**Material for this exercise:**

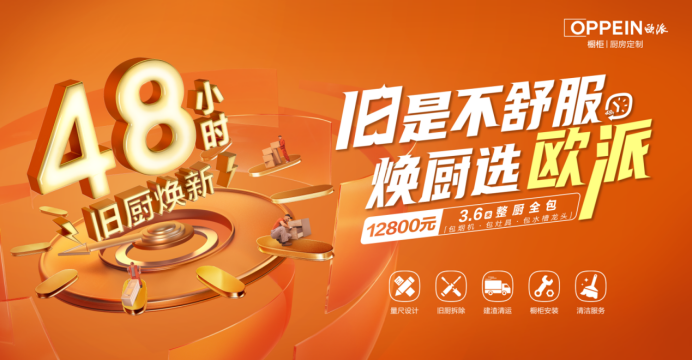 針對(duì)部分需要對(duì)舊廚部分改造的用戶(hù),歐派櫥柜48小時(shí)舊廚煥新服務(wù),從量尺設(shè)計(jì)開(kāi)始,到舊廚拆除、櫥柜安裝、衛(wèi)生清潔等流程結(jié)束,整個(gè)改造工期可在48小時(shí)內(nèi)快速完成,3.6米整廚全包僅需12800元,周末兩天就能讓舊廚房大變樣。
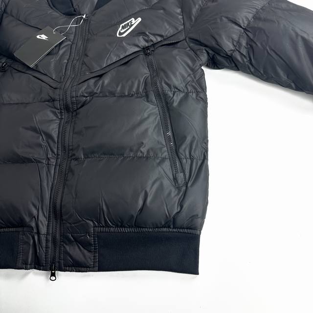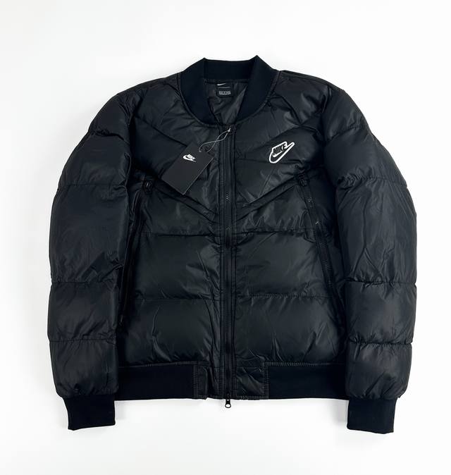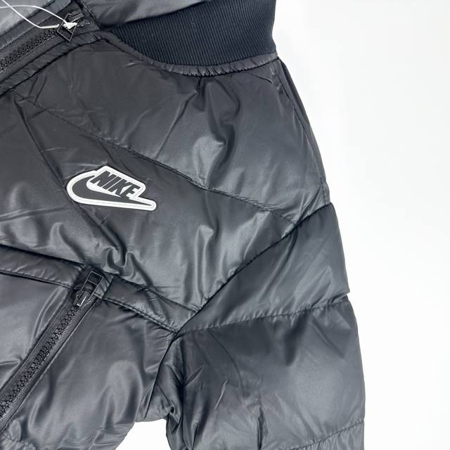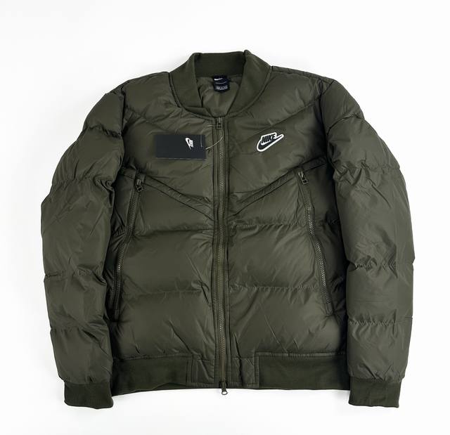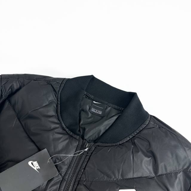 Nike Winter 3D Label Color Block Stand Collar Windproof Short Baseball Flight Jacket (Ddd) - A viral hit on Xiaohongshu and Douyin, worn by many celebrities! Made with original factory-supplied windproof fabric, featuring Xinjiang cotton fleece and high-end down cotton lining for superior skin-friendly softness and warmth! The iconic 3D label on the chest highlights the brand's identity. The dropped shoulder design is relaxed and stylish, showcasing a fashionable look. Multiple high-difficulty color blocking designs throughout the body demonstrate complex craftsmanship and perfect details. All tags and washing labels are included. Unisex, a versatile must-have, guaranteed to turn heads! A must-have winter outerwear! Ddd perfect quality! Whole box of supplies! Highly recommended. Sizes: M-2XL. Colors: Black, Green. Size chart: S 112 66 46 60; M 116 68 48 62; L 120 70 50 64; XL 124 72 52 66; 2XL 128 74 54 68.
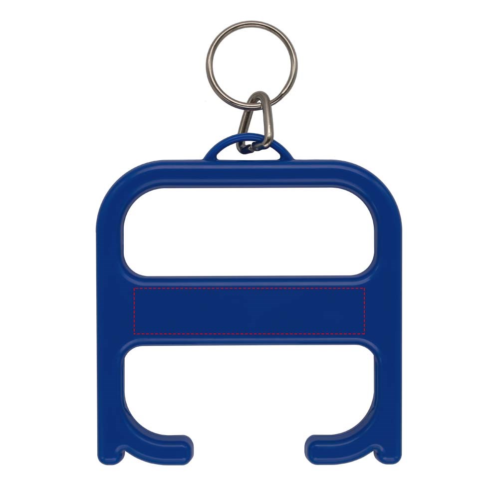 Een robuust hygiëne-item dat de gebruiker in staat stelt om deuren te openen en drukknoppen in te toetsen zonder direct contact. Vervaardigd uit versterkte materialen voor extra duurzaamheid. Dit product bevat Biomaster antimicrobiële technologie die bescherming biedt tegen de groei van schadelijke micro-organismen voor de levensduur van het product. Geleverd met een sleutelhanger.
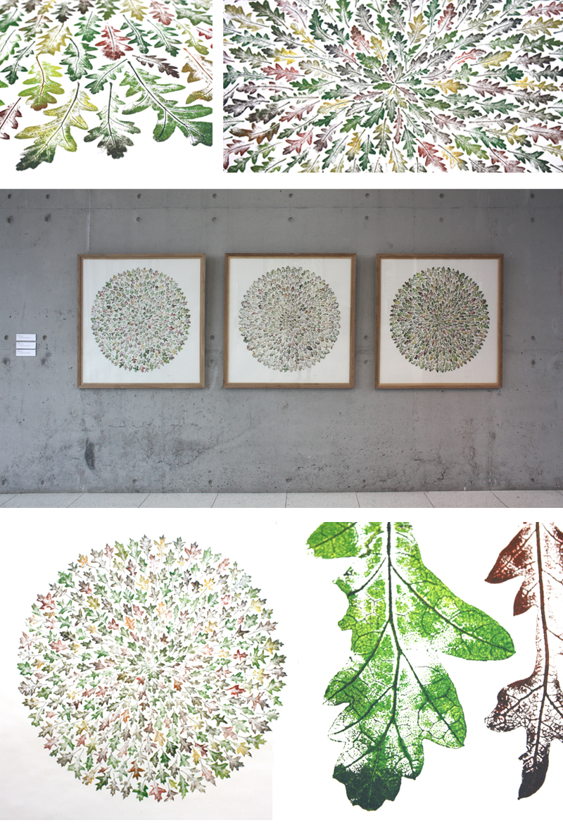 Triptych of oak leaf monoprints (each 1.2m x 1.2m)
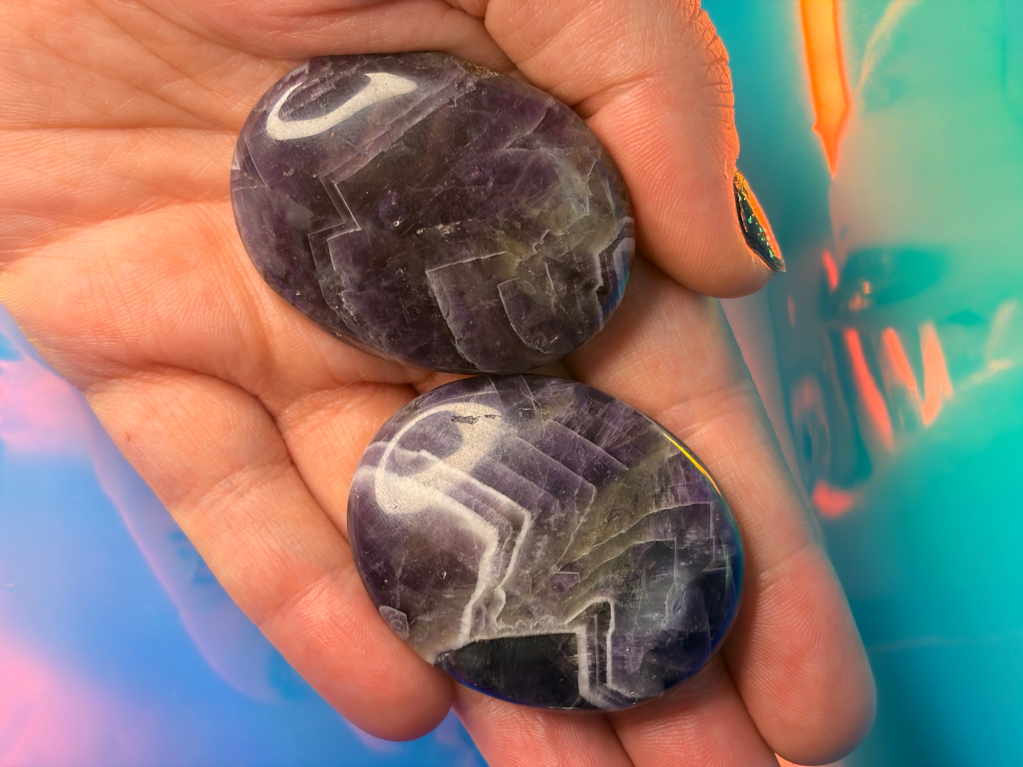 Chevron amethyst palmstone 5cm
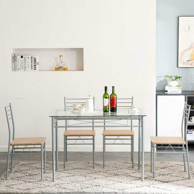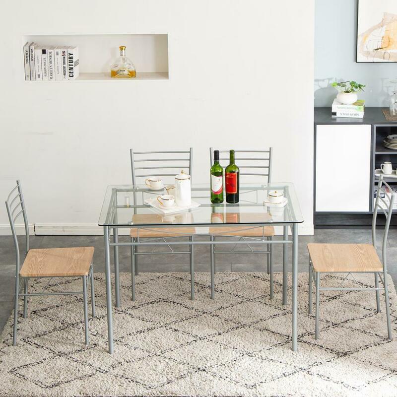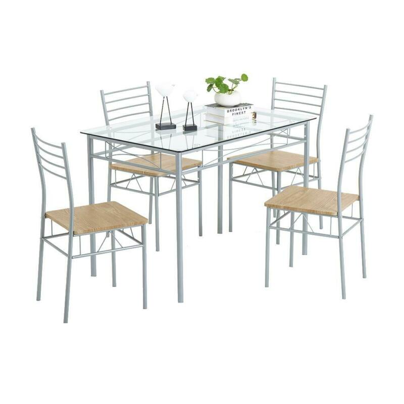 Modern Glass Dining Table and 4 Chairs Set MDF Cushion Home Kitchen Furniture
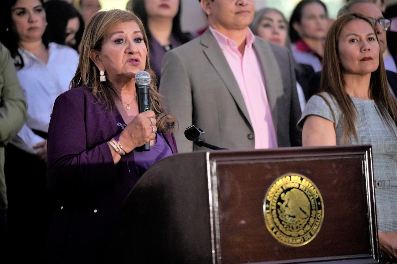 Señaló que la iluminación del Congreso del Estado simboliza el reconocimiento a millones de mujeres que han trabajado por la conquista de derechos fundamentales como la participación política, la igualdad y una vida libre de violencia.
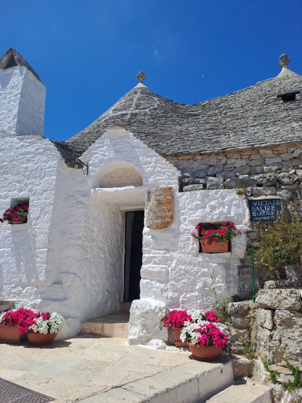 A trullók legtöbbje szuvenírbolt, illetve a turisták kíváncsiságát kihasználva, valamint a szuper selfiek érdekében extra Eurókért a boltok tetejére fel lehet mászni (legtöbbször létrán) egy panoráma fotóért. Hangulatosak a kis utcácskák a színpompás virágokkal, viszont nyáron egy 30 fokos hőmérsékletben, még ennél is több turistával…gondolja meg mindenki! A La Casa del Amore még egy említésre méltó épület, ez a Piazza del Popolon található az úttól picit bentebb. Nevét egyébként Francesco D’Amore-ról, a város első polgármesteréről kapta (nem pedig a pugliai Romeó és Juliáról), az első olyan ház 1797-ből, amely cementhabarcs felhasználásával épült. Conversano gróf uralma alól felszabadította a várost, és lehetőséget biztosított, hogy házaikat saját belátásuk szerint építsék meg a helyiek.
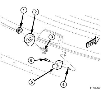 4. Install and tighten the nut (1) that secures the bezel and the output shaft to the liftgate outer panel. Tighten the nut to 5 Nm (43 in. lbs.).
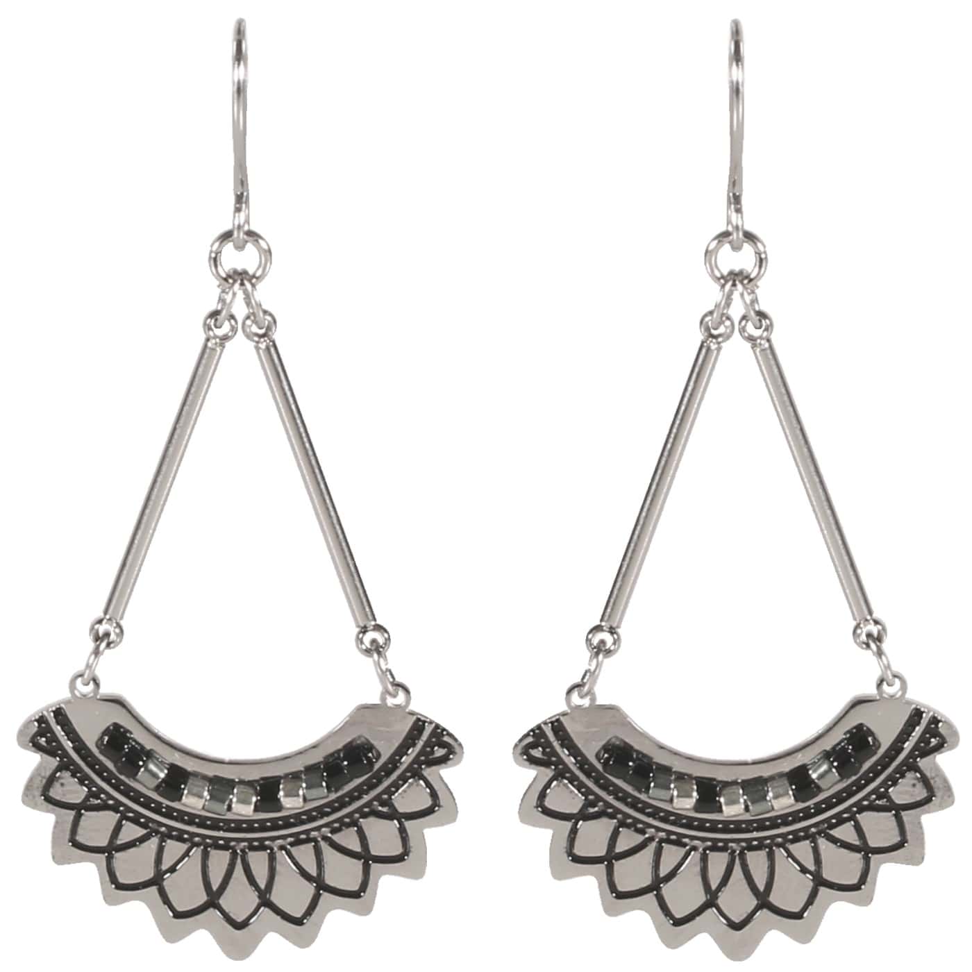 Description Boucles d'oreilles pendantes en acier argenté et émail. Largeur 25 mm Hauteur 50 mm Matière(s) Acier , Email . L'acier utilisé dans la bijouterie existe sous plusieurs qualités. Nous utilisons principalement la qualité 316L, qualité qui est utilisée en chirurgie. Cet acier est donc inoxydable et reste très résistant. Fermoir Crochets Couleur(s) dominante(s) Argenté , Noir Public Adolescent , Adulte . Genre Femme , Fille . Saison Eté . Collection Indian spirit Cliquez sur une matière, un thème, une couleur ou une collection pour voir tous les articles associés.

**What is expected:** Every line above from the one with "Een robuust hygiëne-item" down to the one with "Señaló que la" must be written out exactly, and no picture may appear.

**Result:**
 Een robuust hygiëne-item dat de gebruiker in staat stelt om deuren te openen en drukknoppen in te toetsen zonder direct contact. Vervaardigd uit versterkte materialen voor extra duurzaamheid. Dit product bevat Biomaster antimicrobiële technologie die bescherming biedt tegen de groei van schadelijke micro-organismen voor de levensduur van het product. Geleverd met een sleutelhanger.
 Triptych of oak leaf monoprints (each 1.2m x 1.2m)
 Chevron amethyst palmstone 5cm
 Modern Glass Dining Table and 4 Chairs Set MDF Cushion Home Kitchen Furniture
 Señaló que la iluminación del Congreso del Estado simboliza el reconocimiento a millones de mujeres que han trabajado por la conquista de derechos fundamentales como la participación política, la igualdad y una vida libre de violencia.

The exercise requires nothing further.